[COLLECTED MATERIAL]
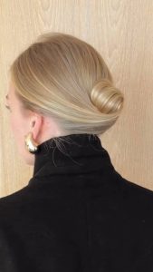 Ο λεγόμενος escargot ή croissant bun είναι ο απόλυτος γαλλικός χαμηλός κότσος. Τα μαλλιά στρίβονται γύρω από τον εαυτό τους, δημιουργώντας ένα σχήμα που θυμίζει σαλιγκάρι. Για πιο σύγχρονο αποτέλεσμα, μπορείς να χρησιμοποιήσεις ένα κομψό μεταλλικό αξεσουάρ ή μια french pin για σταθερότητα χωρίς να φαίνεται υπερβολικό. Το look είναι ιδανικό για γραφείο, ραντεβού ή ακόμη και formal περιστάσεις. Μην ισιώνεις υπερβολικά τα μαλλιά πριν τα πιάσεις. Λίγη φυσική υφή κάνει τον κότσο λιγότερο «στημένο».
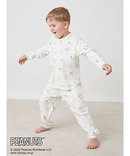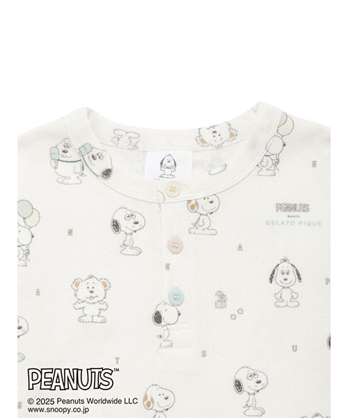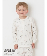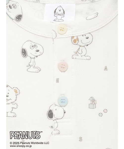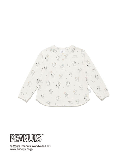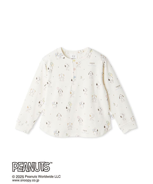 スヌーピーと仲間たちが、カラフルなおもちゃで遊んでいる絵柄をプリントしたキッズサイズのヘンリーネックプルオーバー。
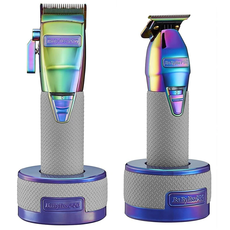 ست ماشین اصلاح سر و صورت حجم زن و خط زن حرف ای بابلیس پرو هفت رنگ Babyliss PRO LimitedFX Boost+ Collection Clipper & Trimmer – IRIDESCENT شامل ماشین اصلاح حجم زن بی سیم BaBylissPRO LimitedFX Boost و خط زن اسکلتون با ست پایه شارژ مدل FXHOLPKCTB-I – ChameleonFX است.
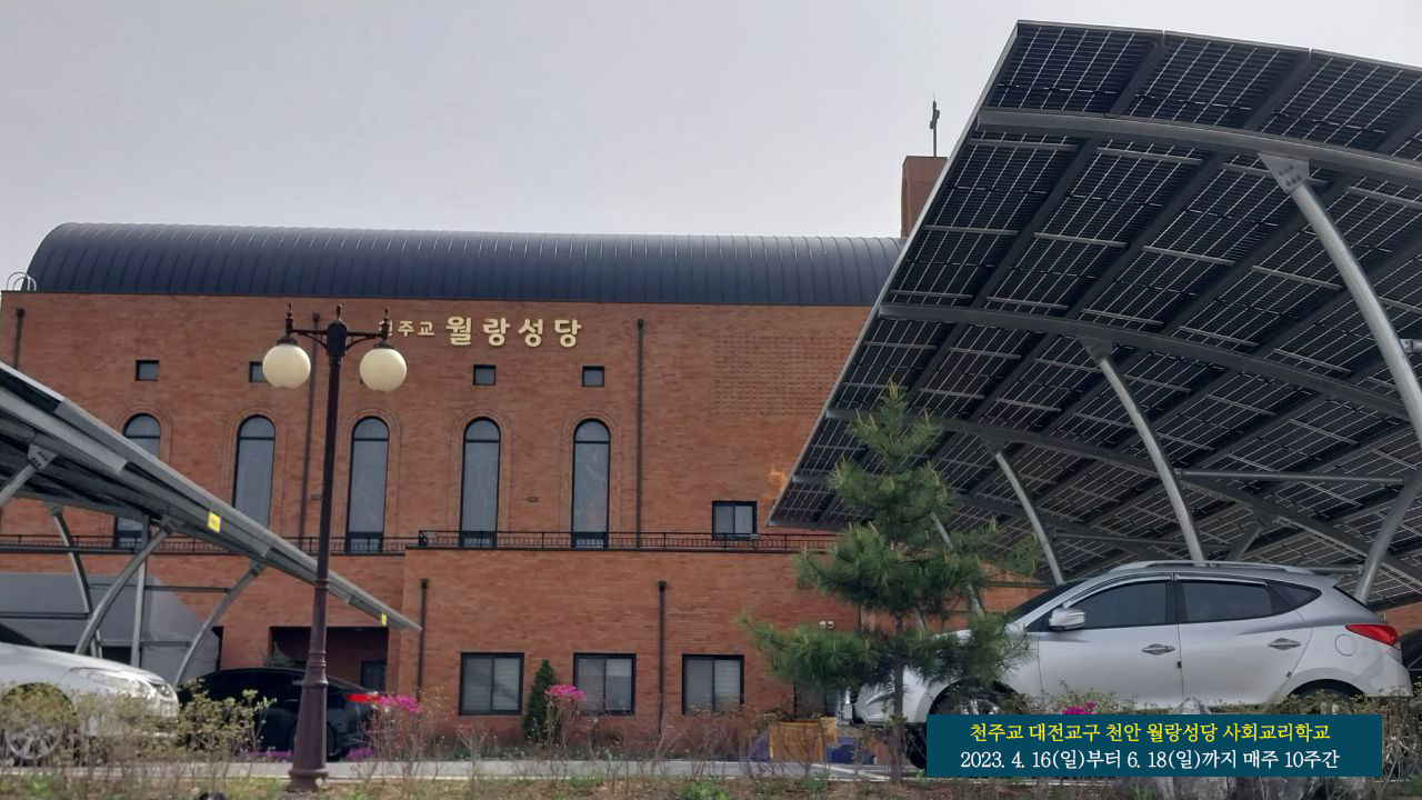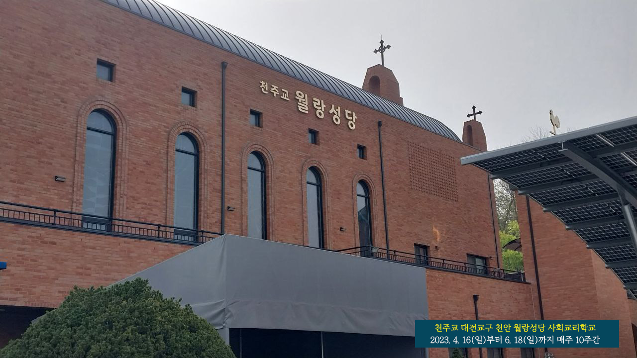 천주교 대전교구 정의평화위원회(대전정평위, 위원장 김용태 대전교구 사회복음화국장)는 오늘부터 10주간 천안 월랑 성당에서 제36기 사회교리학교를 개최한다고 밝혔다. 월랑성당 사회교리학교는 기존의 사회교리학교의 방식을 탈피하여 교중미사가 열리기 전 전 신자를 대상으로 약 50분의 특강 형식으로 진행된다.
[/COLLECTED MATERIAL]
- TO DO -
Your copy should hold all the data word for word. It should hold no pictures.

- SOLUTION TO THE PROBLEM -
 Ο λεγόμενος escargot ή croissant bun είναι ο απόλυτος γαλλικός χαμηλός κότσος. Τα μαλλιά στρίβονται γύρω από τον εαυτό τους, δημιουργώντας ένα σχήμα που θυμίζει σαλιγκάρι. Για πιο σύγχρονο αποτέλεσμα, μπορείς να χρησιμοποιήσεις ένα κομψό μεταλλικό αξεσουάρ ή μια french pin για σταθερότητα χωρίς να φαίνεται υπερβολικό. Το look είναι ιδανικό για γραφείο, ραντεβού ή ακόμη και formal περιστάσεις. Μην ισιώνεις υπερβολικά τα μαλλιά πριν τα πιάσεις. Λίγη φυσική υφή κάνει τον κότσο λιγότερο «στημένο».
 スヌーピーと仲間たちが、カラフルなおもちゃで遊んでいる絵柄をプリントしたキッズサイズのヘンリーネックプルオーバー。
 ست ماشین اصلاح سر و صورت حجم زن و خط زن حرف ای بابلیس پرو هفت رنگ Babyliss PRO LimitedFX Boost+ Collection Clipper & Trimmer – IRIDESCENT شامل ماشین اصلاح حجم زن بی سیم BaBylissPRO LimitedFX Boost و خط زن اسکلتون با ست پایه شارژ مدل FXHOLPKCTB-I – ChameleonFX است.
 천주교 대전교구 정의평화위원회(대전정평위, 위원장 김용태 대전교구 사회복음화국장)는 오늘부터 10주간 천안 월랑 성당에서 제36기 사회교리학교를 개최한다고 밝혔다. 월랑성당 사회교리학교는 기존의 사회교리학교의 방식을 탈피하여 교중미사가 열리기 전 전 신자를 대상으로 약 50분의 특강 형식으로 진행된다.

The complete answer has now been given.